#  Other Applications & Softwares  > Word Formatting & General >  > [SOLVED] Can't link footer text to text in body so it changes automatically

## Ochimus

Apologies if this has been covered already, but haven't managed to find anything similar on here.

How can I link specific text in the body of the Word document (e.g. "Court Location ") to the footer, so that if I replace the text with "Old Bailey", the footer also says the same automatically?

All suggestions, solutions and pointers accepted gratefully

Ochimus

----------


## jeffreybrown

Hi Ochimus,

Take a look at using a content control.

#8 Here

or

Here

----------


## Ochimus

Jeffrey,

Many thanks for prompt response.

Followed the TechRepublic process, but seem to have one problem.

As you can see on the attached, the Field in the Footer changes automatically whenever I change the relevant Content Control, but when I put Fields in the main body of the text to link to other CCs, they change automatically the first time but then change only if I highlight the text containing the fields and press F9?

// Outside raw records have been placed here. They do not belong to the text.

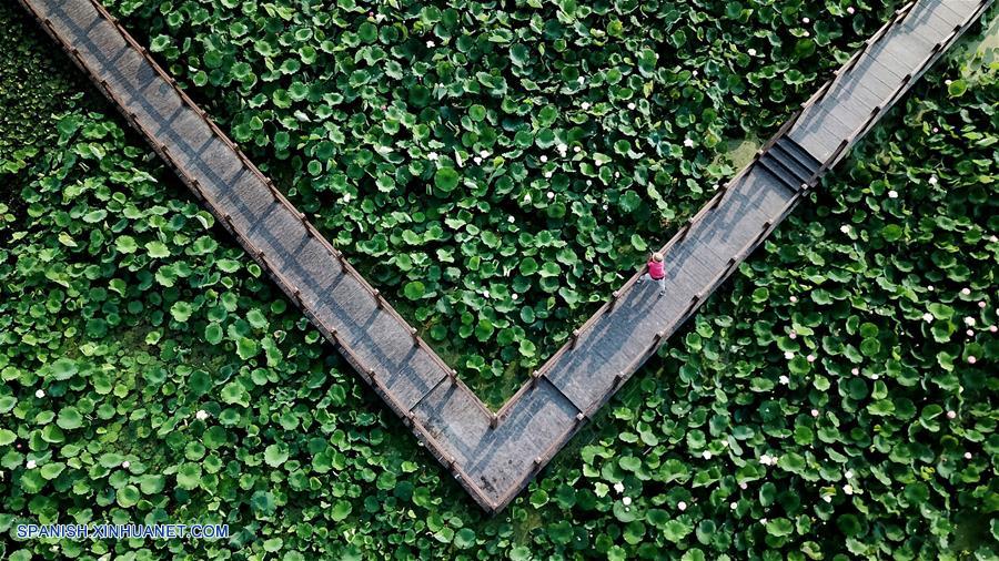 ANHUI, junio 14, 2018 (Xinhua) -- Una turista toma fotografías de las flores de loto en la villa de Xihu en la ciudad de Tongling, provincia de Anhui, en el este de China, el 14 de junio de 2018. (Xinhua/Zhang Duan)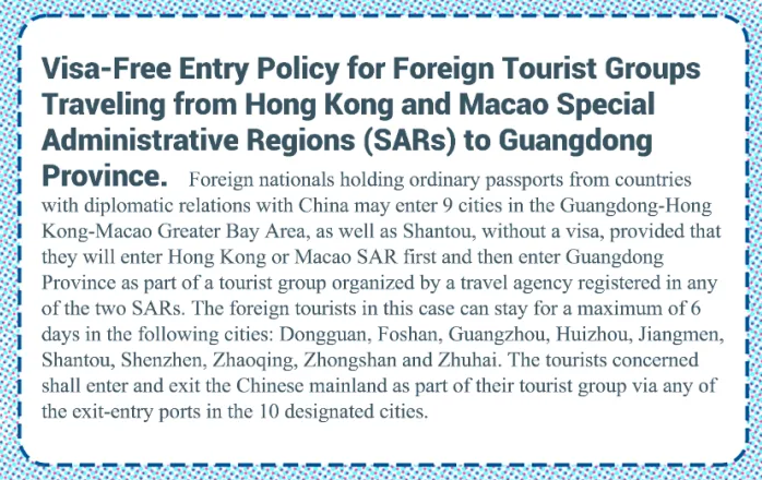 Visa-Free Entry Policy for Foreign Tourist Groups Traveling from Hong Kong and Macao Special Administrative Regions (SARs) to Guangdong Province.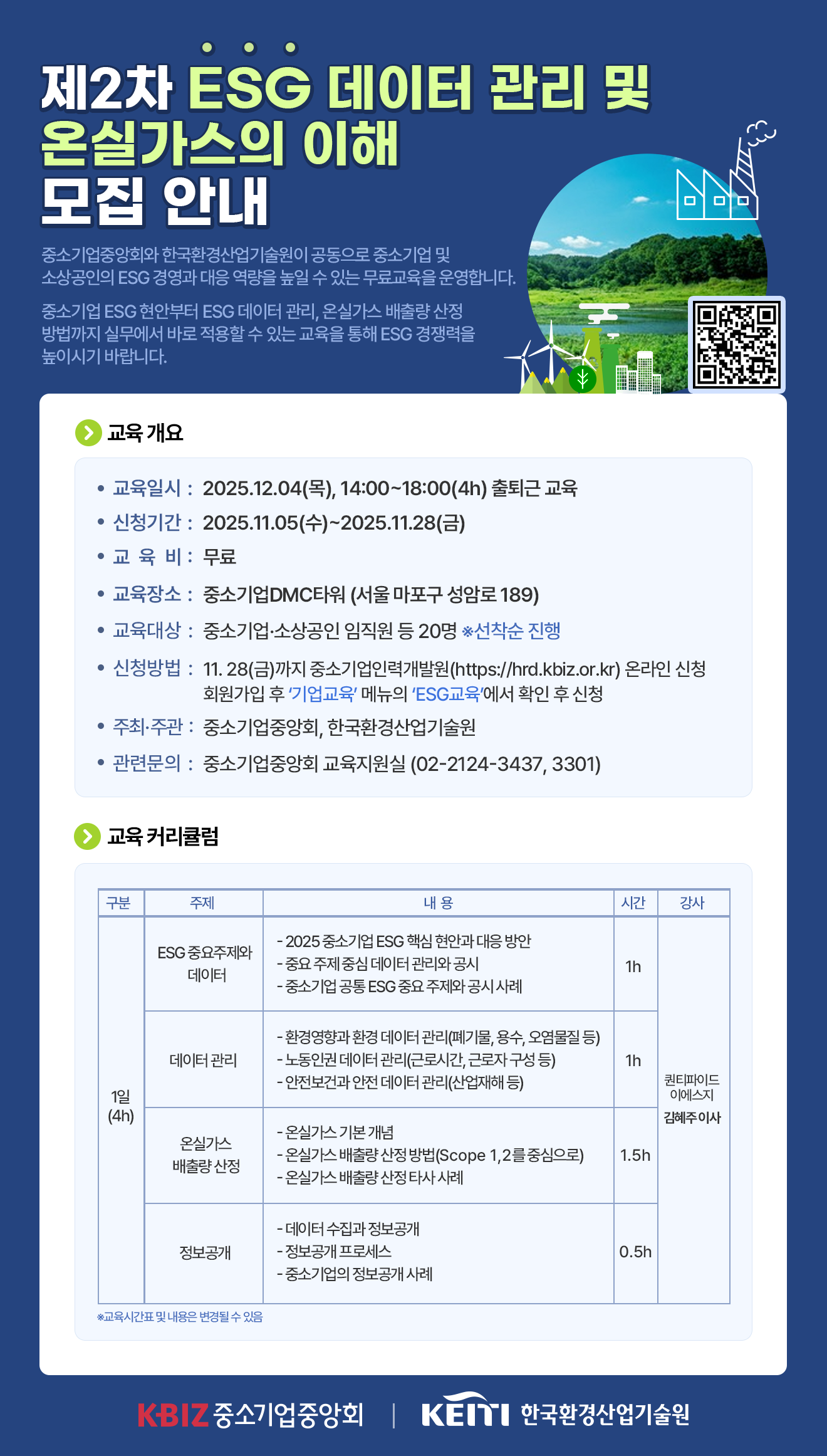 [교육지원실] 12월 중소기업 ESG 무료 교육(ESG 데이터관리 및 온실가스의 이해) 모집 안내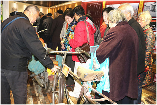 在下淀記憶館里,數(shù)百幅留有歲月印記的照片和上百件生產(chǎn)生活用品,成為老師們鄉(xiāng)愁記憶的情感紐帶。從破舊的村落、落后原始的農(nóng)耕工具、生產(chǎn)大隊牌匾、計劃經(jīng)濟時代的各類票證、耗油驚人的摩托車到草屋變瓦房、小樓房比比皆是、村民生活日漸提高、充滿幸福感的張張笑臉、社區(qū)組織老年人旅游等等。這一切,無不記錄著下淀的歷史文化和天翻地覆的發(fā)展變化。每一幅圖片,每一件實物都是一段耐人尋味的記憶,展示著本土文化的魅力。每一幅老照片,都會引起老師們久久的駐足觀看、品評、感慨。每一幅老照片,似乎都在向人們講述著下淀人不怕艱難困苦、無私奉獻的故事,它用無聲的印跡昭示著一個村落發(fā)展前行的力量。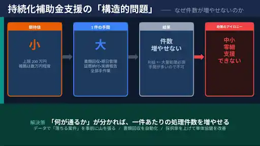 持続化補助金は、小規模事業者の販路拡大を支える重要な国の制度です。しかし、支援が必要な小規模事業者ほど、コンサルのサポートを受けられないという構造的な問題が存在します。 |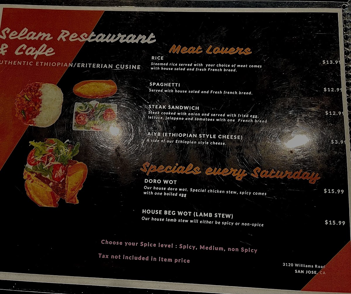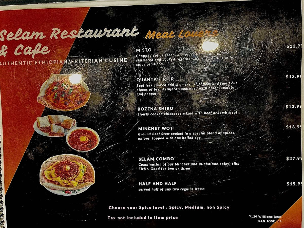 If you’re on a quest for an authentic Ethiopian experience in San Jose, look no further than Selam Restaurant and Cafe. Nestled at 3120 Williams Rd, this charming eatery captures the heart and soul of Ethiopian cuisine, offering a warm and inviting atmosphere that truly embodies the spirit of community. With a focus on homemade ingredients, Selam serves dishes that are as flavorful as they are colorful, ensuring each visit is both a culinary adventure and a heartfelt connection to the rich traditions of Ethiopia.

Can see the End User having a real problem with that.

Am I missing something?

Ochimus

----------


## macropod

You don't need a content control for this. Simply apply a unique Style name to the content you want to replicate, then insert a STYLEREF field in the page header referring to the Style. See: http://wordfaqs.ssbarnhill.com/StyleRef.htm

----------


## jeffreybrown

Hi Paul,

Is there a decided benefit of the STYLEREF over the CC?

----------


## macropod

Definitely. A Content Control won't of itself put anything into a page header; you'd need to supplement it with either a macro (meaning the document has to be saved in the docm format) or the same Style & STYLEREF combo I already suggested. Plus, the STYLEREF approach works in all Word versions & platforms, which Content Controls don't.

----------


## jeffreybrown

Thanks Paul.  After some testing, I can see the benefit now.

----------


## Ochimus

Major apologies to everyone who responded to the call.

Was sure I thanked everyone and marked this as "SOLVED" at the time! Isn't senility FUN?

Mea Culpa, Mea Culpa. . . 

Ochimus

----------